The Telegraph tried to get in touch with senior police officials of the district but the calls were not answered. The newspaper spoke to a senior official who declined to comment on the allegations against the police.
Congress politician Saeed, who alleges the police vandalised his farmhouse and torched his cars after the December 20 protest, described the plight of the detained madarsa students.
“They were abused, deprived of sleep, starved of food and water at times, shackled and barred from using the toilet. The authorities did not allow lawyers to see them,” he said.
“Some of them were asked to chant ‘Jai Shri Ram’. The police have now released around 90 of the students, including all the minors, after three days of detention. They have arrested 10 students on charges of rioting. They are now in judicial custody.”
Saeed said the madarsa was now deserted as almost all the students had fled to homes of relatives and acquaintances in various parts of Uttar Pradesh.
Mohammed Sattar, an eyewitness from the locality, said the protesters had begun gathering at Meenakshi Chowk from 2pm on December 20, after namaz, at a spot less than 500 metres from the madarsa.
“It was a peaceful protest and the organisers were in constant touch with the police. As the protesters began dispersing around 3.45pm-4pm, stones suddenly began raining,” he said.

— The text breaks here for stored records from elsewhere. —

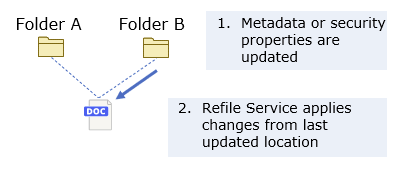 Quando configurado com o Local atualizado mais recentemente, o Serviço de rearquivamento detecta automaticamente as alterações nas propriedades de segurança ou de metadados de qualquer um dos locais referenciados, e propaga as alterações do local atualizado mais recentemente a todos os documentos com várias referências que houver na hierarquia.
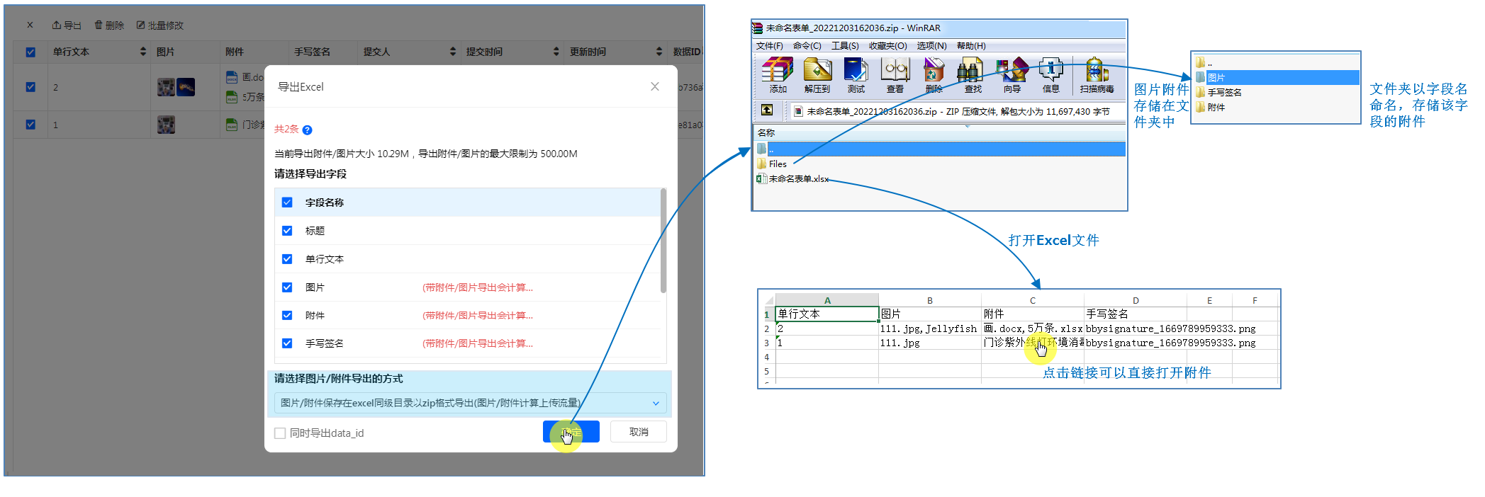 带图片/手写签名/附件导出时,导出文件为zip包,包含Excel文件和图片附件文件夹,如下所示:
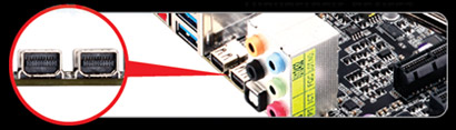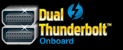เมนบอร์ด Thunderbolt™ ได้รับการรองรับ certified จาก Intel โดยคุณสมบัติ dual Thunderbolt™ ports จะถูกติดตั้งในบริเวณ back panel I/O, ซึ่งด้วยประสิทธิภาพของ Thunderbolt™ port จะช่วยทำให้การโอนถ่ายข้อมูลพร้อมกันสองทิศทางมีความเร็วสูงถึง 10Gbps – นั่นหมายความว่าคุณสามารถถ่ายโอนข้อมูลภาพยนตร์ความละเอียดสูงแบบ full HD 1080p ได้ในระยะเวลาเพียง 30 วินาที เท่านั้น
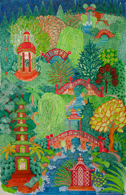 I didn't love it then but when I took it out to be photographed I felt that it had grown on me. I like the variety I gave to the trees, and I like the pallet. And the river with five bridges.
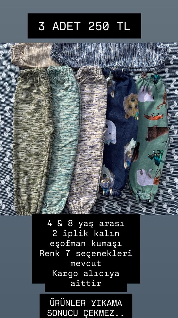 4-8 yaş arası erkek çocuklar için kalın, örme dokulu sentetik kumaştan, çok renkli bağlama desenli ve baskılı bol kesim eşofman altı.
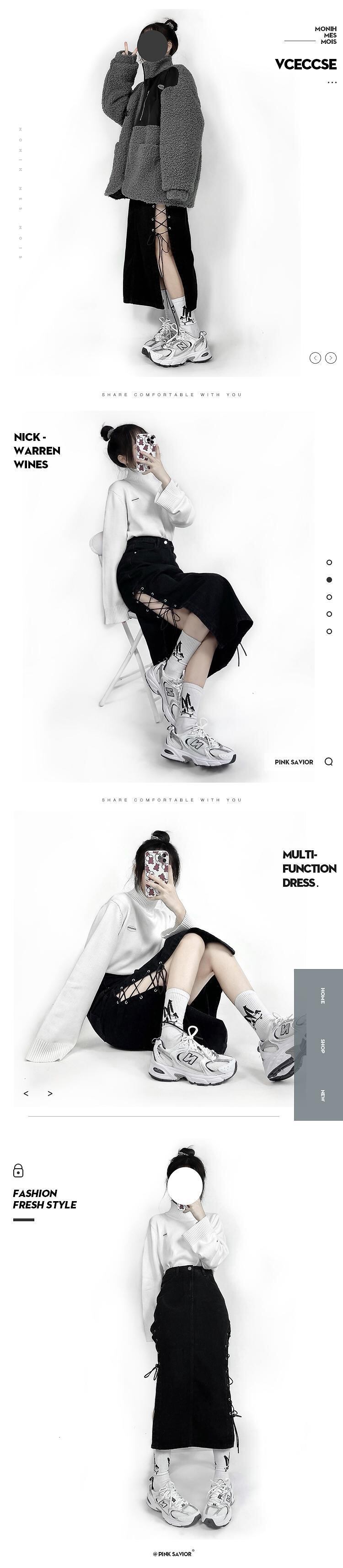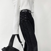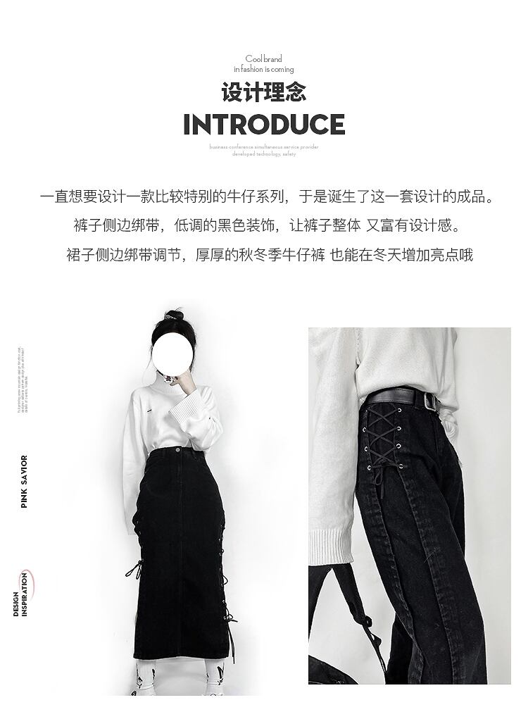【送料無料】 pinksavior包帯特別なデザイン黒の春と秋のズボンワイドレッグジーンズハーフスカート ブラック スプリング 春物 オータム 秋物 PSTB43937178087
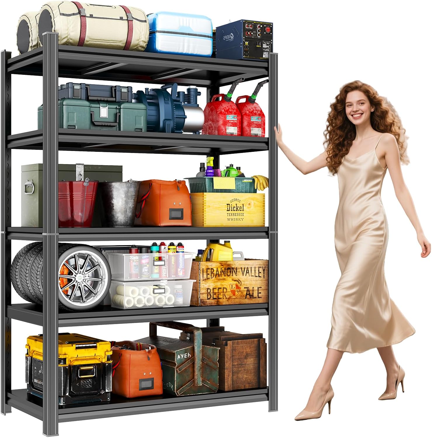 Garage Shelving Metal Storage Shelves 3500Lbs Garage Storage Shelves Heavy Duty 5-Tier Adjustable Shelving Units for Industrial, Warehouse, Basement, Commercial, Black
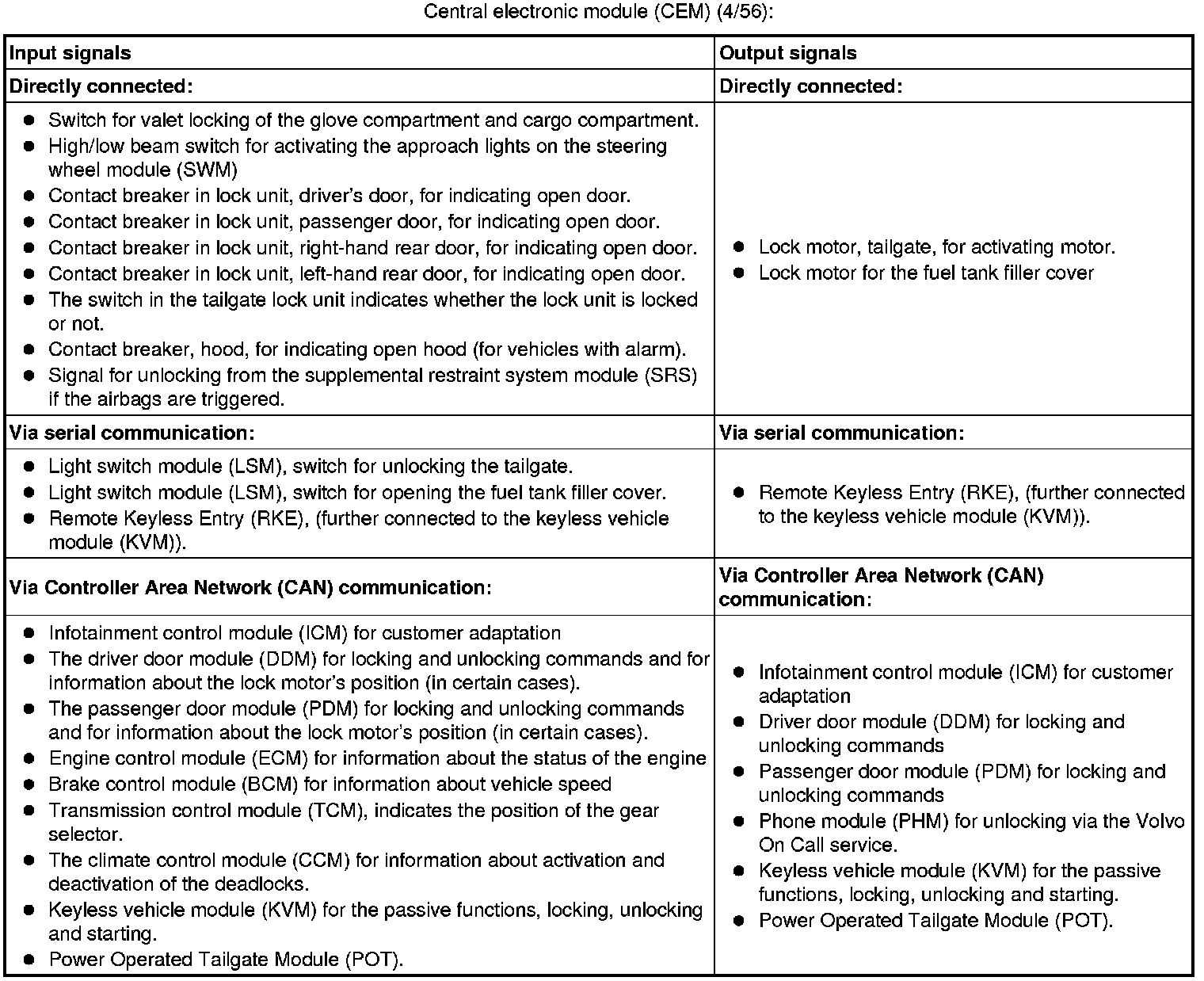 The tables below summarize the input and output signals to the units in the central locking system. The signal types are divided into directly connected signals, serial communication and controller area network (CAN) communication.

“Nobody knows who started it. People ran helter-skelter. There was arson when the police started a baton charge. We don’t know who set the police vehicles on fire.”
Sattar said the police then went on the rampage and started thrashing people and vandalising shops in the Muslim neighbourhood.
“Some of the protesters ran and hid inside the madarsa. A group of policemen then barged in, beat the students mercilessly and rounded up almost all of them,” Sattar said.
“They entered Maulana Asad’s room where he was resting after the prayers. Neither he nor the students had participated in the demonstration.”
Sattar said the police dragged the maulana out, beat him and the students, bundled them into a van and whisked them away.
After their release on December 23, many of the students were shaking all over, he said. “I have never seen anyone so frightened in my life.”
Saeed, the Congress politician, said the situation had been normal on December 27 after the Friday prayers.
He said the police were pressuring the family of Noor Mohammad, 26, a hawker, who died of a bullet injury during the December 20 protest at Meenakshi Chowk.
Noor died in police firing, alleged his elder brother Umar. He said the police had refused to accept a complaint from him and Noor’s wife Shanno, 19.
“When we went to the police station, the cops said the complaint would not be accepted. They told us that Noor had died of bullets fired by the protesters — which is completely false,” Umar, who said he was at the protest spot with his brother, asserted.
The day labourer accused BJP and RSS supporters of inciting and executing the violence.
He said: “The police have not given us the post-mortem report. They did not allow his body to be buried here, saying it would lead to a communal flare-up. The body was buried near Meerut. We are illiterate people and fear that the cops might frame me in a criminal case.”